Share-based incentive plans
Costs charged in the income statement in relation to share-based payments were £3.1 million in the year ended 31 December 2007, compared to £1.7 million in 2006.Under the 2007 SIP Free share award, the Company purchased a total of 195,810 shares in April 2007 to be held in trust on behalf of qualifying employees, equating to 305 shares with a cash value of approximately £2,500 per employee based on the Company’s share price at the time of the award. The fair value of the 2007 Free share award (determined at the award date) of £1.6 million was charged to the income statement in full in the year ended 31 December 2007, on the basis that employees were granted specific rights in relation to shares held in trust on their behalf. Similarly, the fair value of the 2006 Free share award of £1.3 million was charged to the income statement in full in the year ended 31 December 2006.

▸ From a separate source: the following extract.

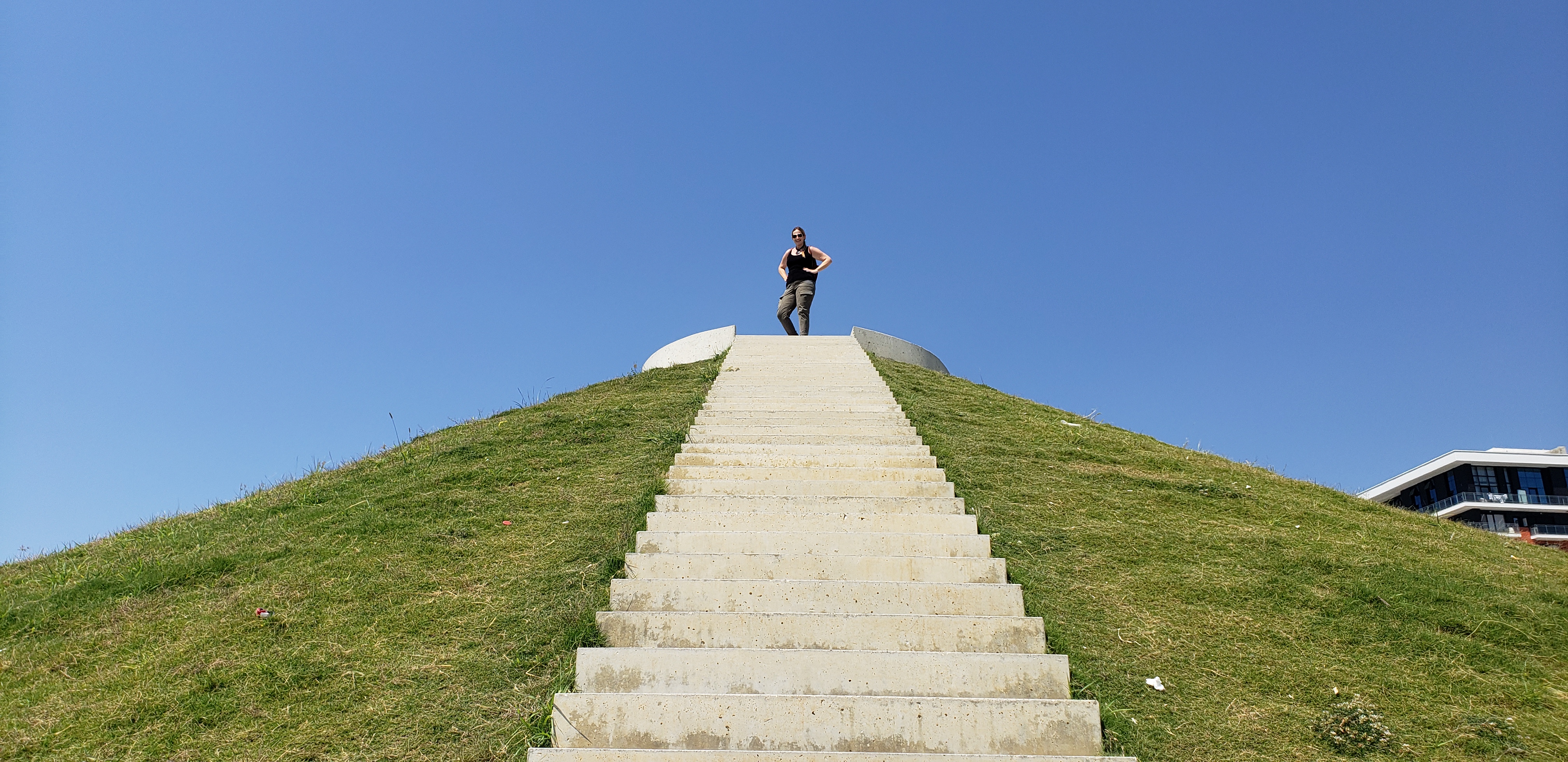 The next day we spent the morning walking by the waterfront, where there was a park that had all its sites in circular form, including the three basket basketball court (oddly), and a set of steps on a hill to see the city and seafront, amongst other round-shaped installations.
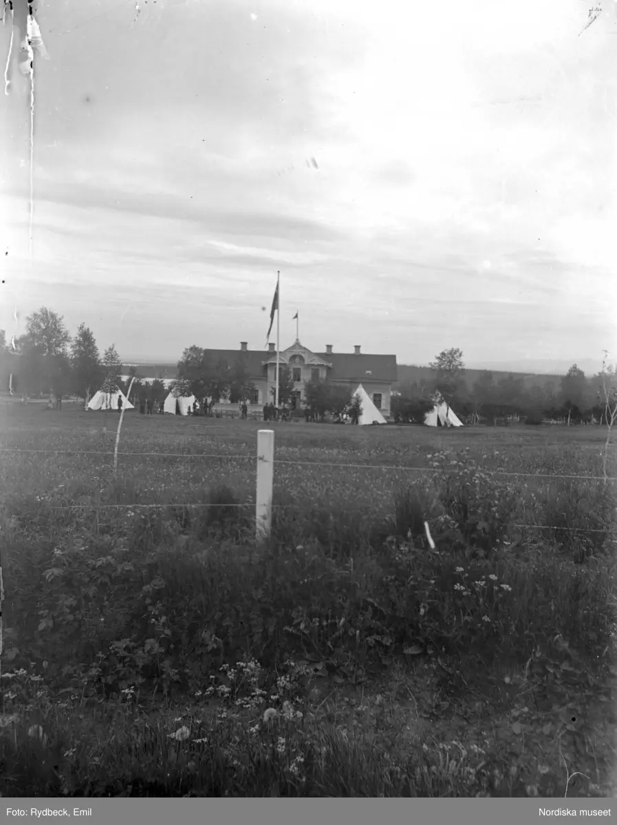 En stor trävilla i ett kulturlandskap. Vita tält på gården framför huset.

In March 2007, the SIP was extended by introducing two further elements: Partnership shares and Matching shares. Qualifying employees can buy up to £1,500 worth (subject to an overriding maximum of 10% of salary) of Partnership shares (out of pre-tax pay) in any one tax year. Matching shares are awarded to employees to match any Partnership shares they buy. Under the Drax SIP the ratio is one to one for the 2007/2008 tax year, with the cost of Matching shares borne by the Group. As at 31 December 2007, a total of 104,367 Matching shares had been purchased and were held in trust on behalf of qualifying employees. The fair value of Matching shares awarded up to 31 December 2007 (determined at the award dates) of £0.8 million is being charged to the income statement on a straight-line basis over a one-year vesting period (Matching shares are forfeited if an employee leaves Drax within one year of the award).
ESIP awards over 361,582 shares were granted to executive directors and other senior staff in 2007, with performance measured over the three years to 31 December 2009 and potential vesting in April 2010. The fair value of the 2007 ESIP awards (determined at the grant date) of £0.9 million, which takes into account the estimated probability of different levels of vesting, is being charged to the income statement on a straight-line basis over the three-year vesting period to 19 April 2010. Similarly, the fair value of the 2006 ESIP award of £1.9 million is being charged to the income statement on a straight-line basis over the three-year vesting period to 19 September 2009.
There have been no further offers under the SAYE Plan since that made in July 2006. No shares have been issued or purchased to date with respect to the SAYE or ESIP.
Taxation
In December 2007, HM Revenue & Customs issued a consultation document entitled “Principles based approach to financial products avoidance: a consultation document” which is expected to lead to the introduction of new legislation concerning “disguised interest” from 1 April 2008.It is thought likely that the new rules, if introduced in the form currently envisaged, could adversely impact the future tax efficiency of the Group’s existing financing structure. Until the consultation process is completed and the legislation drafted, however, it is not possible to predict with any certainty how the proposed legislation, if and when enacted, might affect the Group tax rate, and the Group is therefore keeping the situation under review.